Jan 11, 2023
Version 2
Enteric neuron activity during spontaneous motor complexes in mouse colon V.2
- 1Mayo Clinic
Protocol Citation: Kristen Smith-Edwards 2023. Enteric neuron activity during spontaneous motor complexes in mouse colon. protocols.io https://dx.doi.org/10.17504/protocols.io.6qpvr4oz3gmk/v2Version created by Kristen Smith-Edwards
License: This is an open access protocol distributed under the terms of the Creative Commons Attribution License, which permits unrestricted use, distribution, and reproduction in any medium, provided the original author and source are credited
Protocol status: Working
We use this protocol and it's working
Created: January 10, 2023
Last Modified: January 11, 2023
Protocol Integer ID: 75077
Funders Acknowledgement:
Marthe Howard
Grant ID: OT2OD023859
Kristen Smith-Edwards
Grant ID: DK129708
Abstract
This protocol describes the steps to prepare mouse colon and image GCaMP calcium activity in myenteric neurons during spontaneous colonic motor complexes.
Euthanize EIIa-GCaMP mice (offspring from the pairing of B6.FVB-Tg(EIIa-cre)C5379Lmgd/J [RRID:IMSR_JAX:003724;cat. 003724; Jax Labs] and B6J.Cg-Gt(ROSA)26Sortm96(CAG-GCaMP6s)Hze/MwarJ [RRID:IMSR_JAX:028866;cat. 028865; Jax Labs]), by inhalation of isoflurane and thoracotomy.
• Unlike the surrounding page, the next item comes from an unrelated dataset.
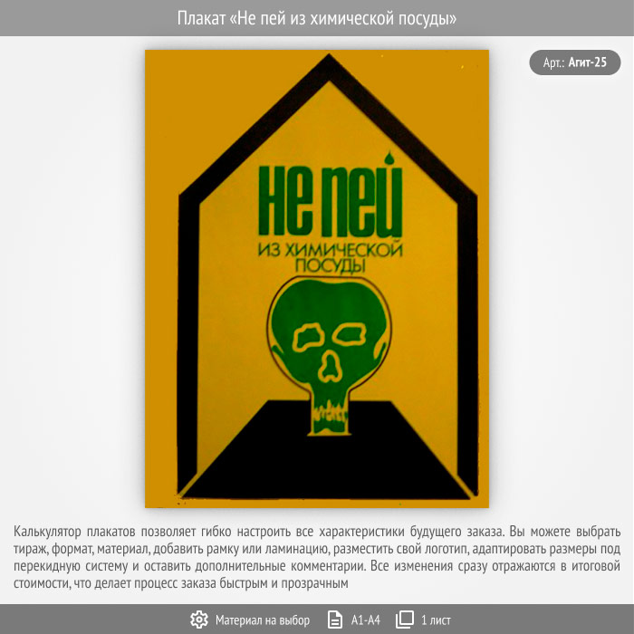 Плакат «Не пей из химической посуды» (Агит-25, 1 лист) в Уфе купить

Remove the entire colon from mouse and place into a Sylgard-lined Petri dish (Dow Corning). Circulate oxygenated artificial cerebral spinal fluid at room-temp (ACSF, containing in mM: 117.9 NaCl [cat. S9888, Sigma], 4.7 KCL [cat. P3911; Sigma], 25 NaHCO3[catS6014; Sigma], 1.3 NaH2PO4, [cat. S8282; Sigma] 1.2 MgSO47H2O [cat. 230391; Sigma], 2.5 CaCl2 [cat. C1016; Sigma], 11.1 D-glucose [cat. G5767; Sigma], 2 sodium butyrate [cat. B5887; Sigma], and 20 sodium acetate [cat. S2889; Sigma]). Cut the colon open longitudinally and pin flat using minutien pins (Fine Science Tools; cat. 26002-20) with mucosal side facing down. A small amount of stretch should be applied when pinning the colon for optimal imaging conditions. The full-length, full-thickness colon should remain intact for imaging activity during spontaneous motor complexes. Transfer to the stage of an upright fluorescence microscope (DM6 FS, Leica) equipped with camera (Prime 95B, Photometrics, Roper Scientific) and software (Metamorph, Molecular Devices) for calcium imaging and slowly heat up circulating fluid to 35-37 C using a heated water bath.
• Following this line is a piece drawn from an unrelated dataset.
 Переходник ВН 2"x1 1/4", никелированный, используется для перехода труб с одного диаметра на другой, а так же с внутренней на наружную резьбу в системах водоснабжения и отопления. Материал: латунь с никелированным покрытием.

After the colon has warmed up and equilibrated (10-15 minutes), use a 10X objective, focus on the myenteric neurons and image calcium signals during spontaneous motility behavior. Myenteric neurons can be distinguished from other cell types based on 1) their location in ganglia within the myenteric plexus between the longitudinal and circular muscle layers, 2) cell body shape and size, and 3) the kinetics of their calcium transients. Set imaging parameters to 150ms exposure time, 1200 frames, 2x2 binning to obtain 3-min duration imaging files. Collect several consecutive 3-min imaging files for a total of 9-15 min to capture multiple colon motor complexes (CMCs), which typically occur every 2-5 min depending on the amount of stretch applied to the colon tissue.
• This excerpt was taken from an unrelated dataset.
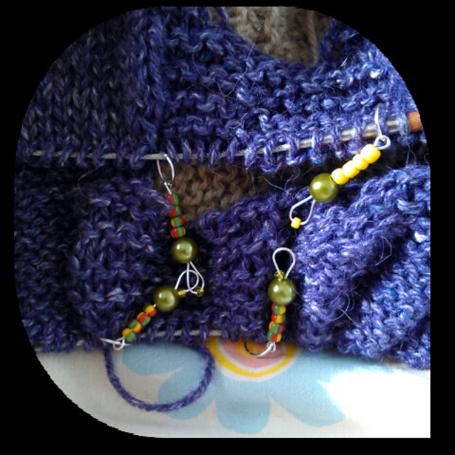 Vezzo dei vezzi, mi sono fabbricata un set di quattro marcapunti (tre più un solista che marca l’inizio giro) specifici perr questo lavoro, tutti in verde e giallo (con un tocco di arancione per varietà).

Export imaging files to ImageJ and open as a multi-TIFF stack. Use the ImageJ plugin "Template Matching, Align Slices in Stack" to quantify and correct for tissue displacement in the x and y axis of the field of view. Save the x and y displacement values for all 1200 frames, convert frames to time by multiplying the frame by 0.150, and plot as a motility trace (displacement over time) in Excel.
After imaging files have been corrected for movement in ImageJ and displacement data saved, myenteric neuron activity can be analyzed by drawing regions of interests over cell bodies and plotting the mean intensity changes over time.